- WORK REQUIRED -
Upon reaching the line that contains "Moments in Rhyme" in the records below, begin repeating every line exactly through the last one, skipping pictures.

- GIVEN RECORDS -

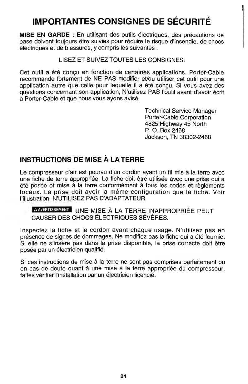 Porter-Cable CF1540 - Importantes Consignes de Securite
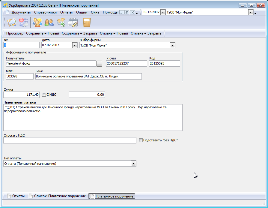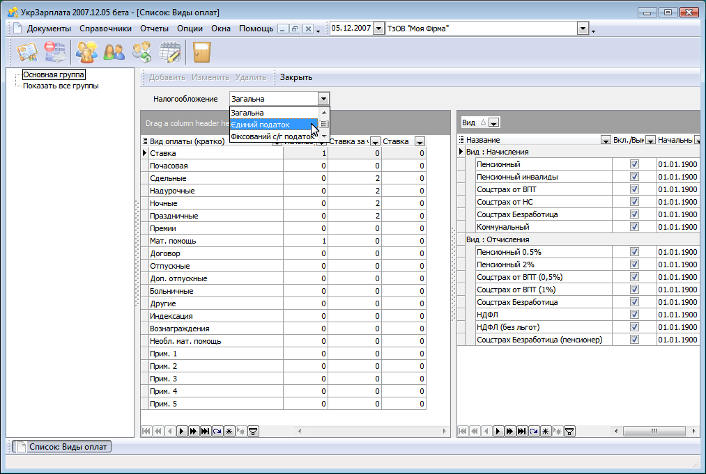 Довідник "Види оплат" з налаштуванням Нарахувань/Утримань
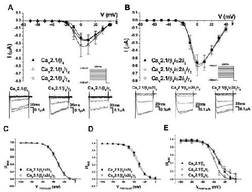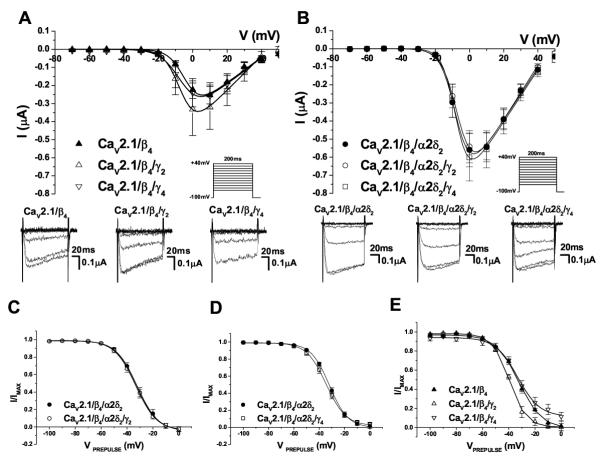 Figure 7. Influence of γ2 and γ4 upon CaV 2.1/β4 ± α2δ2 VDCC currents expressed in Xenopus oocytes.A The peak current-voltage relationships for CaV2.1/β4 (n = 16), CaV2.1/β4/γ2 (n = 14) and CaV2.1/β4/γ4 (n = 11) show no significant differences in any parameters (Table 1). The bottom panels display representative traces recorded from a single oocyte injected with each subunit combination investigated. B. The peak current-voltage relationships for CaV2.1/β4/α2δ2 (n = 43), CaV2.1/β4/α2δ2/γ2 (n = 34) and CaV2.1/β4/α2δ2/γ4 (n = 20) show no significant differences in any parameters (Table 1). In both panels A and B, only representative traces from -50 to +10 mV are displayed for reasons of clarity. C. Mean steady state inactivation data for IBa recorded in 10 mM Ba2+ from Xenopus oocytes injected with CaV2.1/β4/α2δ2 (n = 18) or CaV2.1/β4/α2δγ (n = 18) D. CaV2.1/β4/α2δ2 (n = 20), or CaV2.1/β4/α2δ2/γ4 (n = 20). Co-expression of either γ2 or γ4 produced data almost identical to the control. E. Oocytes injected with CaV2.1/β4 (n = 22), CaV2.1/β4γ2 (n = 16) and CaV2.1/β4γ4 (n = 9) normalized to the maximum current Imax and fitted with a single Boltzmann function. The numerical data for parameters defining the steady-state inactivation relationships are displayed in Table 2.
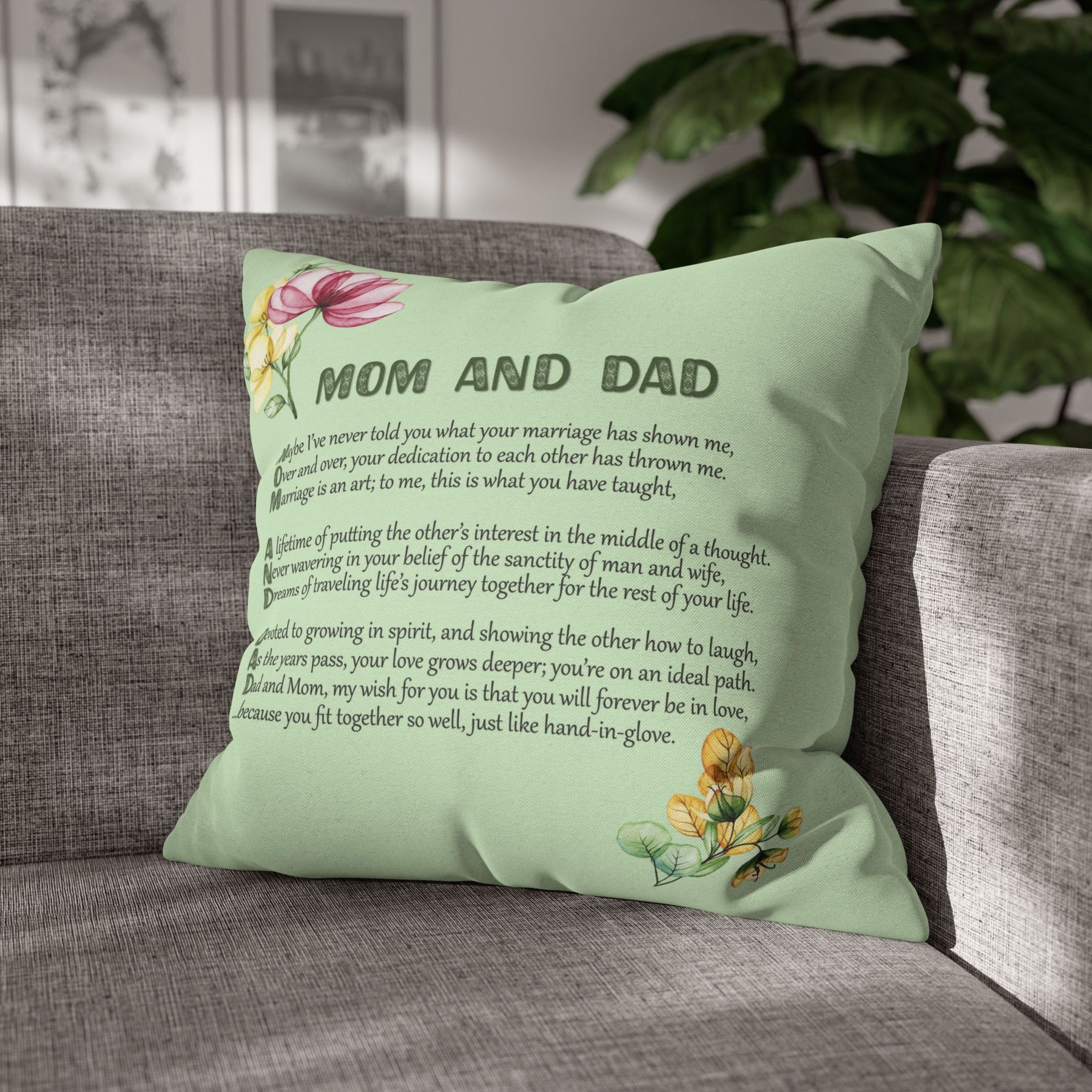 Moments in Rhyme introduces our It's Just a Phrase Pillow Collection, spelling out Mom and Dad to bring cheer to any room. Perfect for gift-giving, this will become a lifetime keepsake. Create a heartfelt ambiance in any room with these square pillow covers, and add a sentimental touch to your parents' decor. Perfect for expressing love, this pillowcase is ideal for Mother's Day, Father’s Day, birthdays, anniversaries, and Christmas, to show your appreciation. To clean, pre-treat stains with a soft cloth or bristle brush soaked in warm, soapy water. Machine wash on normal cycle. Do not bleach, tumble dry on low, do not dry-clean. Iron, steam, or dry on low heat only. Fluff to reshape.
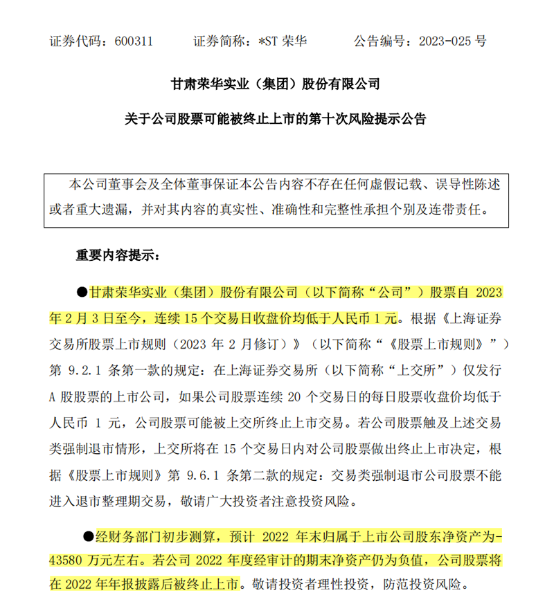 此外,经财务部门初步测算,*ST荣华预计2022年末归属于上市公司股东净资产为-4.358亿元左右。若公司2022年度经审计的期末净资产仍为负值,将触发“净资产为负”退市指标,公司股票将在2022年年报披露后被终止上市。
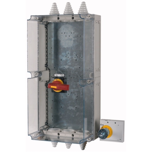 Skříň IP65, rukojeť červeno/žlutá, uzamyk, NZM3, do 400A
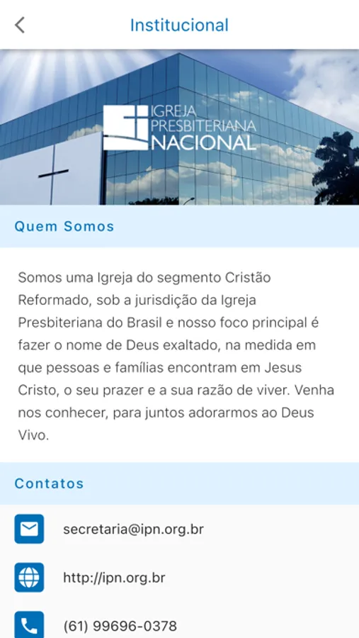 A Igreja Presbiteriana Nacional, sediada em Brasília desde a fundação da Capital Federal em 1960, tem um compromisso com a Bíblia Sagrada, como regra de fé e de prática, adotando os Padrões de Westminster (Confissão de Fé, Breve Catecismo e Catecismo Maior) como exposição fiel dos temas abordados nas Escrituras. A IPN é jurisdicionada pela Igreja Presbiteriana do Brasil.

- EXPECTED OUTPUT -
 Moments in Rhyme introduces our It's Just a Phrase Pillow Collection, spelling out Mom and Dad to bring cheer to any room. Perfect for gift-giving, this will become a lifetime keepsake. Create a heartfelt ambiance in any room with these square pillow covers, and add a sentimental touch to your parents' decor. Perfect for expressing love, this pillowcase is ideal for Mother's Day, Father’s Day, birthdays, anniversaries, and Christmas, to show your appreciation. To clean, pre-treat stains with a soft cloth or bristle brush soaked in warm, soapy water. Machine wash on normal cycle. Do not bleach, tumble dry on low, do not dry-clean. Iron, steam, or dry on low heat only. Fluff to reshape.
 此外,经财务部门初步测算,*ST荣华预计2022年末归属于上市公司股东净资产为-4.358亿元左右。若公司2022年度经审计的期末净资产仍为负值,将触发“净资产为负”退市指标,公司股票将在2022年年报披露后被终止上市。
 Skříň IP65, rukojeť červeno/žlutá, uzamyk, NZM3, do 400A
 A Igreja Presbiteriana Nacional, sediada em Brasília desde a fundação da Capital Federal em 1960, tem um compromisso com a Bíblia Sagrada, como regra de fé e de prática, adotando os Padrões de Westminster (Confissão de Fé, Breve Catecismo e Catecismo Maior) como exposição fiel dos temas abordados nas Escrituras. A IPN é jurisdicionada pela Igreja Presbiteriana do Brasil.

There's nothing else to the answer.